> _WHAT TO WORK ON_:
Take the line that contains "Hand holds bright" and each line after it to the end of the material below, and return them exactly, minus the pictures.

> _RAW DATA_:
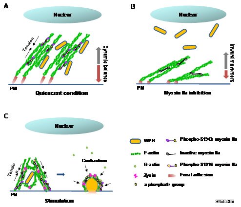 图. 肌球蛋白Myosin IIa调节cAMP诱导的内皮细胞中WP小体分泌的变阻器模式。
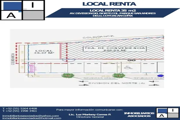 LocalRenta$193,500 MXNLocal en renta disponible en Av. División del Norte #3347, Col. Xotepingo, Coyoacán, DF / CDMX, México, C.P. 04610, ID: 26449496 900 m2 25 Estacionamientos Vigilancia
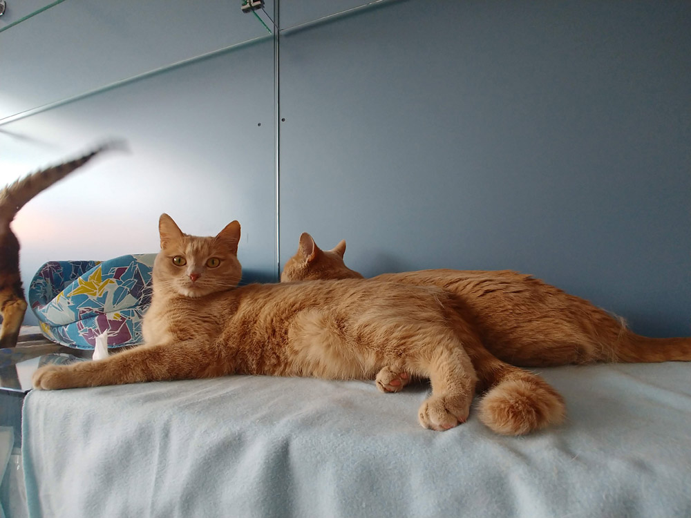 У нас гостили сразу два рыжика одних владельцев: чудесная кошечка по имени Тиша и застенчивый котик Джокер. Сразу два исключения из привычных расхожих правил про рыжиков. Тиша – гармонично сложенная кошка, с красивой головой, ярко рыжими глазами и аккуратным розовым носиком. Очень выдержанная, спокойная и невероятно милая, с детским, наивным и доверчивым выражением мордочки. Дружелюбная, именно она первая бесстрашно пошла на контакт с нами, продемонстрировав для Джокера абсолютную безопасность и хрупкий баланс доверительных отношений.
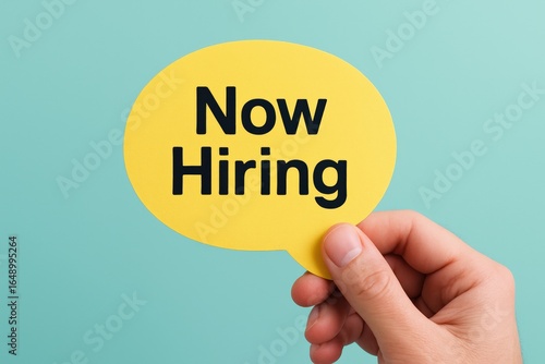 Hand holds bright yellow 'Now Hiring' sign against a teal background, signaling opportunity and a vibrant search for talent in today's market.
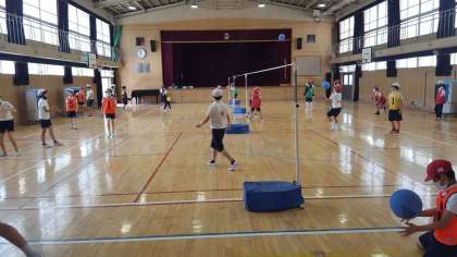 6年生の体育の授業の様子です。講堂で、ソフトバレーボールの練習をしていました。試合が楽しみですね。
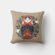 Um travesseiro decorativo de matryoshka para adicionar ao seu Natal. A parte de trás do travesseiro tem um padrão de pomba preto e branco. Projetado para você pelo Blackberry Boulevard.

> _SOLVED EXERCISE_:
 Hand holds bright yellow 'Now Hiring' sign against a teal background, signaling opportunity and a vibrant search for talent in today's market.
 6年生の体育の授業の様子です。講堂で、ソフトバレーボールの練習をしていました。試合が楽しみですね。
 Um travesseiro decorativo de matryoshka para adicionar ao seu Natal. A parte de trás do travesseiro tem um padrão de pomba preto e branco. Projetado para você pelo Blackberry Boulevard.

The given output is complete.